## TASK GOAL
Copy out the entries exactly, and wherever a picture appears, leave it out.

## MATERIAL TO PROCESS
····················

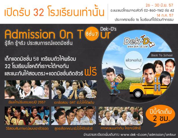 ชมประมวลภาพ Dek-D's แอดมิชชั่นออนทัวร์ของซีซั่น 1-6 และรายละเอียดต่างๆ คลิกที่นี่
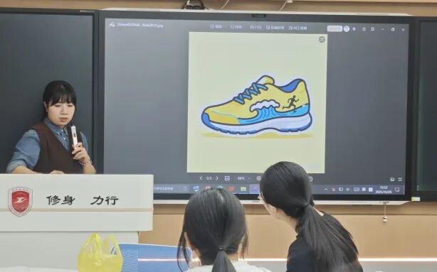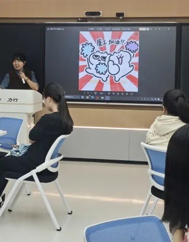 耿老师的课程以“传统技艺+智能科技”为主线,在创意理念层面,她带领学生解构马拉松精神内核——热血标语设计以活力色系搭配奔跑小人、跳动爱心等元素,将抽象的加油声浪转化为视觉符号;运动图形创意则通过奔跑剪影、海浪纹路、凤凰花奖牌等在地化元素,把厦门地域特色融入赛事美学。在技术赋能环节,她深入浅出地讲解AIGC辅助图形设计工具,教学生输入关键词生成底稿、优化色彩搭配、调整线条肌理,让数字技术成为打破手工设计局限的“想象力放大器”。
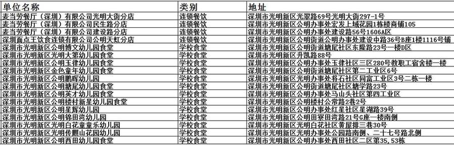 光明新区光明新区新增的A级餐厅有17家,其中连锁餐饮4家,学校食堂13家。
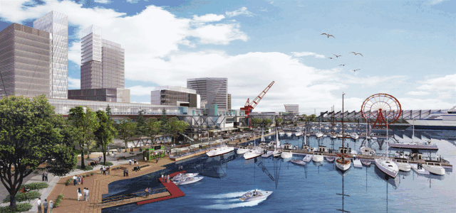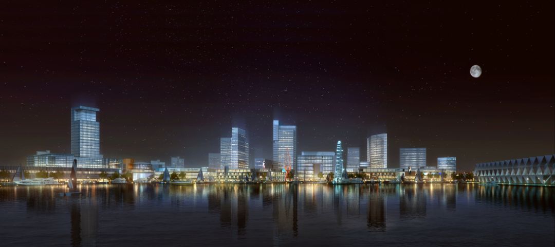 同时,打造了一个区域旅游服务平台,包括区域渡轮接驳码头、港滨休闲步道商业街区、商旅酒店集群和核心区夜景。
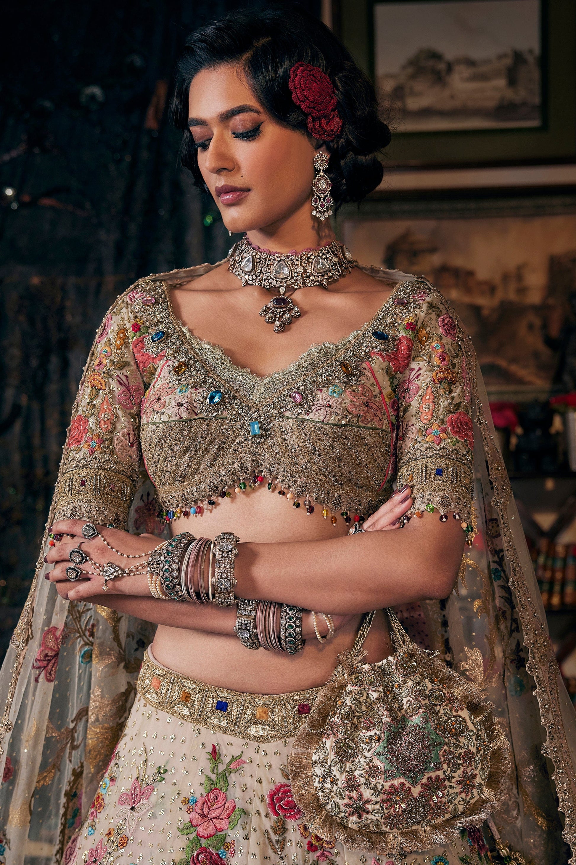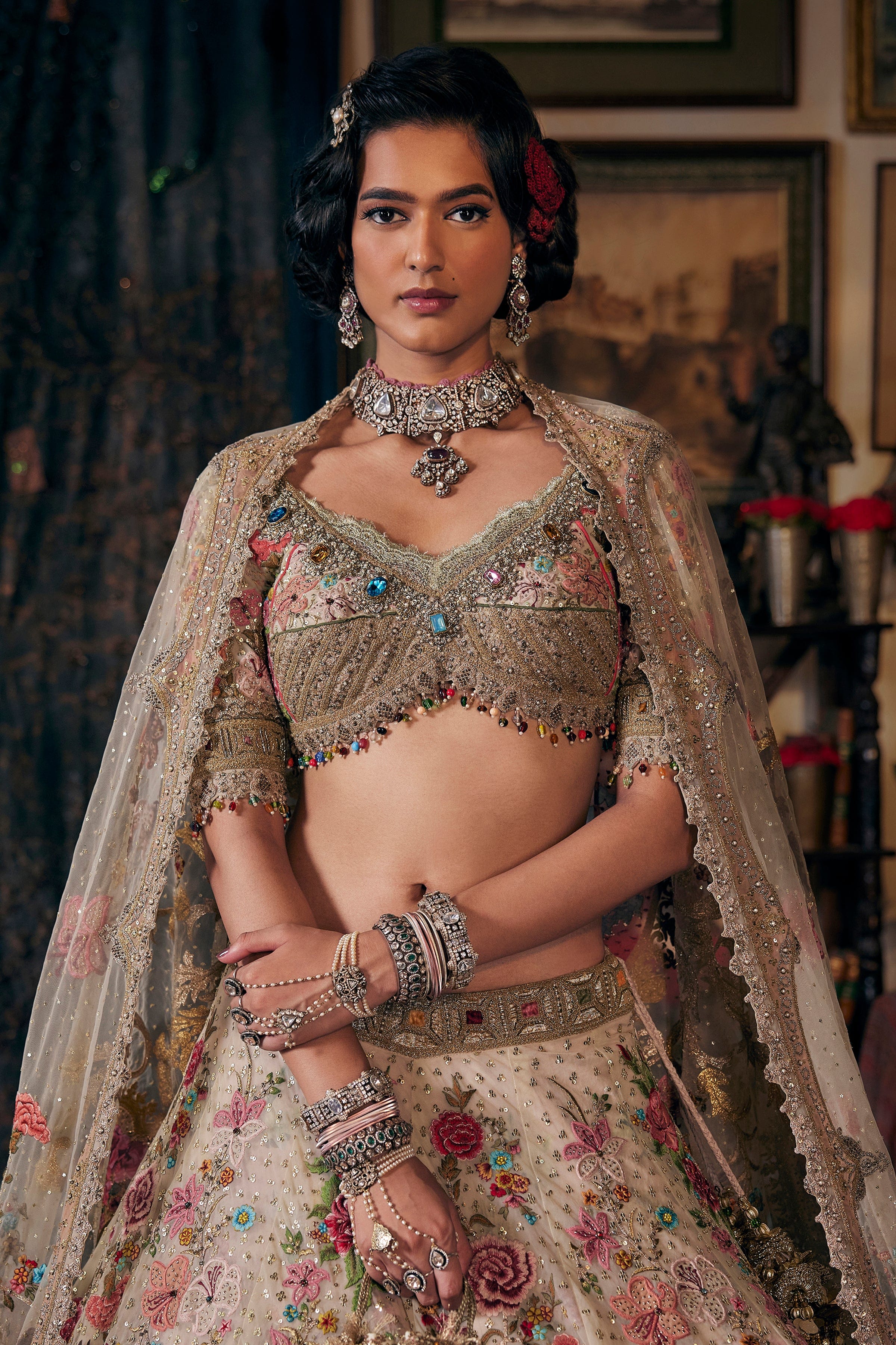 An ivory tulle lehenga. The vivid skirt is an interpretation of an antique Suzani textile as well as Persian, Palampore and Chinoiserie textile fragments from the RAH Archive , amalgamated and reimagined through various techniques. The skirt features a surreal city-scape surrounded by an enchanted forest brimming with multi-hued flowers and two eternal wanderers- a young girl and boy, riding towards each other on top of magical stag steeds. The motifs are rendered using a special form of appliqué, marodi ka kaam, resham zardozi, kasab, dabka, naqshi, sequins, pearls and semi-precious stones. It is paired with an embroidered choli featuring a bejeweled neckline and the look is completed with a multi-hued tulle dupatta with floral organza inserts.

····················

## TASK ANSWER
 ชมประมวลภาพ Dek-D's แอดมิชชั่นออนทัวร์ของซีซั่น 1-6 และรายละเอียดต่างๆ คลิกที่นี่
 耿老师的课程以“传统技艺+智能科技”为主线,在创意理念层面,她带领学生解构马拉松精神内核——热血标语设计以活力色系搭配奔跑小人、跳动爱心等元素,将抽象的加油声浪转化为视觉符号;运动图形创意则通过奔跑剪影、海浪纹路、凤凰花奖牌等在地化元素,把厦门地域特色融入赛事美学。在技术赋能环节,她深入浅出地讲解AIGC辅助图形设计工具,教学生输入关键词生成底稿、优化色彩搭配、调整线条肌理,让数字技术成为打破手工设计局限的“想象力放大器”。
 光明新区光明新区新增的A级餐厅有17家,其中连锁餐饮4家,学校食堂13家。
 同时,打造了一个区域旅游服务平台,包括区域渡轮接驳码头、港滨休闲步道商业街区、商旅酒店集群和核心区夜景。
 An ivory tulle lehenga. The vivid skirt is an interpretation of an antique Suzani textile as well as Persian, Palampore and Chinoiserie textile fragments from the RAH Archive , amalgamated and reimagined through various techniques. The skirt features a surreal city-scape surrounded by an enchanted forest brimming with multi-hued flowers and two eternal wanderers- a young girl and boy, riding towards each other on top of magical stag steeds. The motifs are rendered using a special form of appliqué, marodi ka kaam, resham zardozi, kasab, dabka, naqshi, sequins, pearls and semi-precious stones. It is paired with an embroidered choli featuring a bejeweled neckline and the look is completed with a multi-hued tulle dupatta with floral organza inserts.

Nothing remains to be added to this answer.